Amid all the fuss about cuts at the BBC and how this will affect programme output, I can’t help thinking, why the outrage? For years, there have been dark rumblings among writers that there’s no longer a drama department to nurture young talent and commission new work — the Birtian revolution of the 1990s saw to that, and it did initially cause a sharp decline in standards, especially in the number and range of original drama productions. Over at Radio Three, the Controller Roger Wright has been attacked for not encouraging live performances of new music, but you could say he has brought other virtues to the network. Sometimes a financial squeeze on programme-making can have the effect of a health-ensuring purgative, getting rid of waste. In any case, a bit of discomfiting self-questioning is no bad thing. Too little financial challenge, too much presumption of your right to be there often takes the edge off things, stultifying and stagnating.
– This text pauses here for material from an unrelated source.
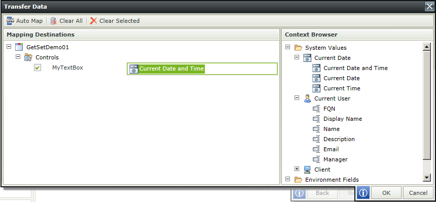 Configure the Transfer Data rule to load the Current Date and Time (drag and drop this field from the System Values>Current Date node in the Context Browser).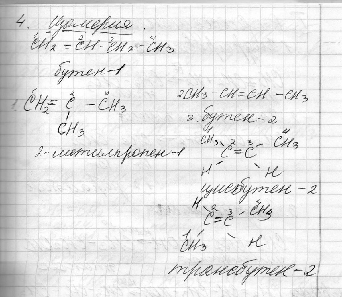 Запишите сокращенные структурные формулы изомерных алкенов,молекулы которых содержат четыре атома углерода,и укажите типы изомерии.

The great thing about radio, of course, is its immediacy, its ability to function on nothing more than a microphone, an editing machine and a bit of imagination. Which is why radio has survived the arrival of television and is now flourishing in the brave new world of broadband. As anyone who has invested in a digital radio will know, or who has adapted to listening via the computer (it takes a bit of getting used to, and it still feels not quite right to me: surely we need someone else to be listening to the same programme at the same time?), there are dozens of stations out there offering not just non-stop music (Heart, Smooth,
theJazz, Magic, UCB Inspirational) but also community documentaries (see PRL24 — Polish Radio London), original audio experiences (Resonance FM) and any amount of audio books on air.